The task:
The lines below, from the one containing "고추밭 밑비료 ㅡ칼슘유황비료, 엔피코" through the one containing "- Кровать парящая", should be set down exactly, with no pictures and nothing else.

Data provided:
>>>

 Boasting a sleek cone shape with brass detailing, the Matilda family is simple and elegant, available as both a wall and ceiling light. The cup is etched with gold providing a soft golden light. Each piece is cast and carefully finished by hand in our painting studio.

<<<
>>>

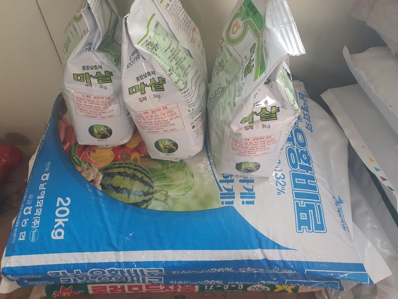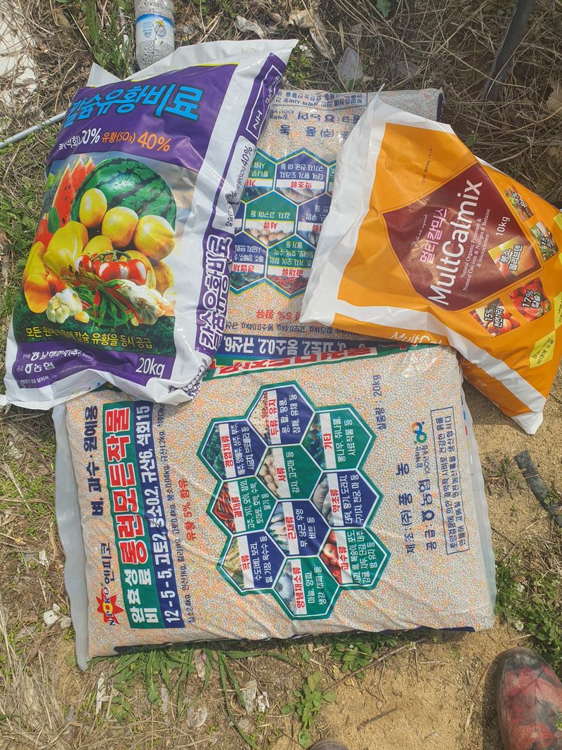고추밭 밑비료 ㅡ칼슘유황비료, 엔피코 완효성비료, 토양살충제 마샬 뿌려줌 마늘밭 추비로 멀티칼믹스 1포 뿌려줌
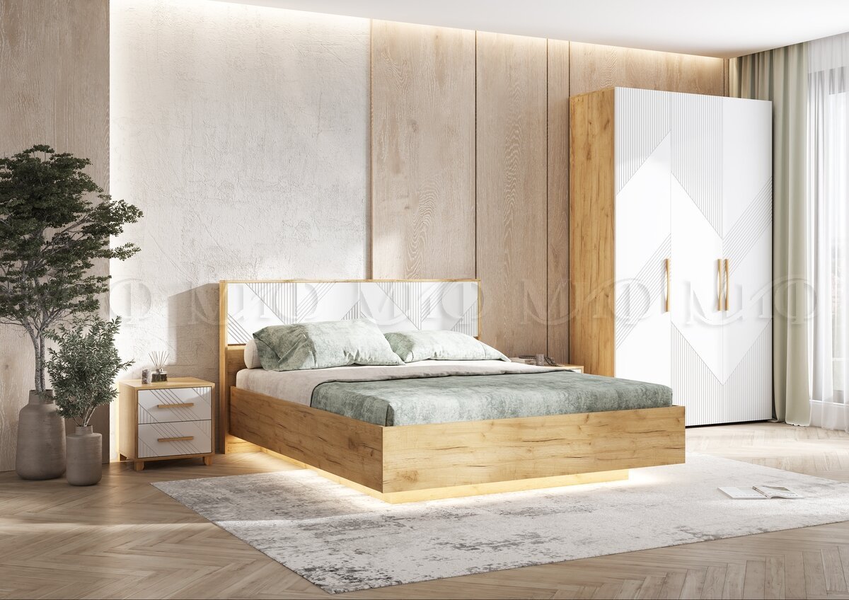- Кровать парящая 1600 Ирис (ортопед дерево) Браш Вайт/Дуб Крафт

<<<

Finished exercise:
고추밭 밑비료 ㅡ칼슘유황비료, 엔피코 완효성비료, 토양살충제 마샬 뿌려줌 마늘밭 추비로 멀티칼믹스 1포 뿌려줌
- Кровать парящая 1600 Ирис (ортопед дерево) Браш Вайт/Дуб Крафт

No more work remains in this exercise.